BEN BUSH, ISDA | P 9 Benjamin Bush is an assistant professor of Industrial Design at Auburn University. He joined the School of Industrial and Graphic Design in Fall of 2017 after years of advancing industrial design curriculums at the University of Louisiana at Lafayette and the Savannah College of Art and Design. Benjamin has championed the importance of studio culture and teamwork. His students have designed and built artifacts from kid’s toys to kayaks. He has led collaborative studios with some of the world’s most famous companies such as BMW, Snap On, Michael Kors, and HP to name a few. He has spoken at numerous universities across Ireland, given sketching workshops in San Jose, Costa Rica and San Paolo, Brazil, facilitated design camps in Tuscumbia, Alabama and Foel Ortho, Wales, and led students to redesign the visual brand language of the Apt cultural center in Apt, France. In 2013, Benjamin was awarded the IDSA Young Educator of the Year Award. This annual award is given to an educator who has earned the respect and admiration of colleagues and students for his/her teaching of industrial design and maintained unwavering commitment to the values and principles of the industrial design profession.

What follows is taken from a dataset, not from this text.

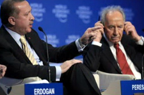 Lancé dans une plaidoirie en faveur de l’offensive menée récemment par l’armée israélienne dans la bande de Gaza, le président israélien Shimon Peres a demandé à Erdogan, en élevant la voix et en le pointant du doigt, comment il réagirait si des roquettes s’abattaient chaque nuit à Istanbul.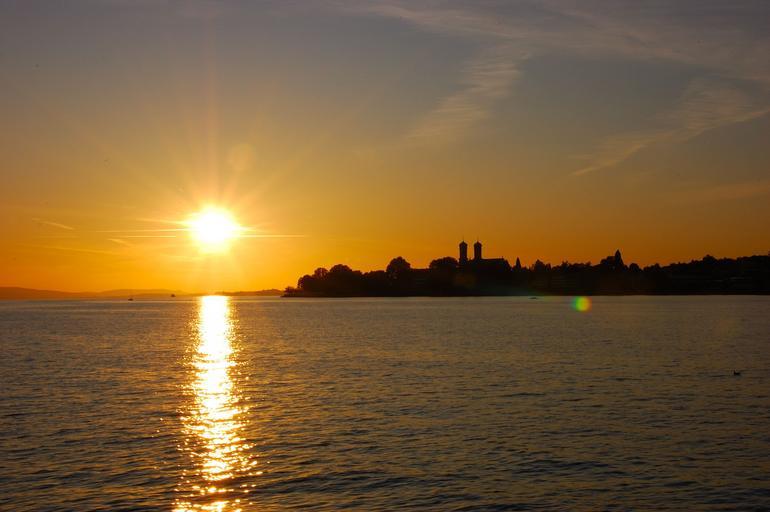 Keywords: lake constance water dusk waters panorama sky sunset mood reflection distant view port sunbeam lens flare

TESSA CARR | P 1 Tessa Carr earned her Ph.D. from the University of Texas at Austin in communication studies with an emphasis in performance studies and a portfolio in women’s and gender studies. She teaches and directs productions for Auburn University Department of Theatre and she also serves as the Artistic Director of Mosaic Theatre Company - a company sponsored by the College of Liberal Arts that is committed to creating original work fostering conversations about issues of diversity. Mosaic Theatre Company performs original work dealing with issues of diversity and social justice numerous times each semester at a variety of campus and community venues. Her research focuses on devised performance in practice and theory, autobiographical performance, feminist performance strategies, and performance as pedagogy. She enjoys creating print scholarship as well as performance as scholarly inquiry. Her latest autoethnographic performance art work, Hauntings: Marking Flesh, Time, Memory is an original work co-written and performed with Dr. Deanna Shoemaker. This work has been featured at California State Northridge, the Patti Pace Performance Festival at Southern Illinois University, The National Communication Association Conference, and Villanova University. The full script is published in Text and Performance Quarterly. Her current print scholarship endeavors examine the work of Mosaic Theatre Company and the possibilities for performance as civic engagement and dialogue.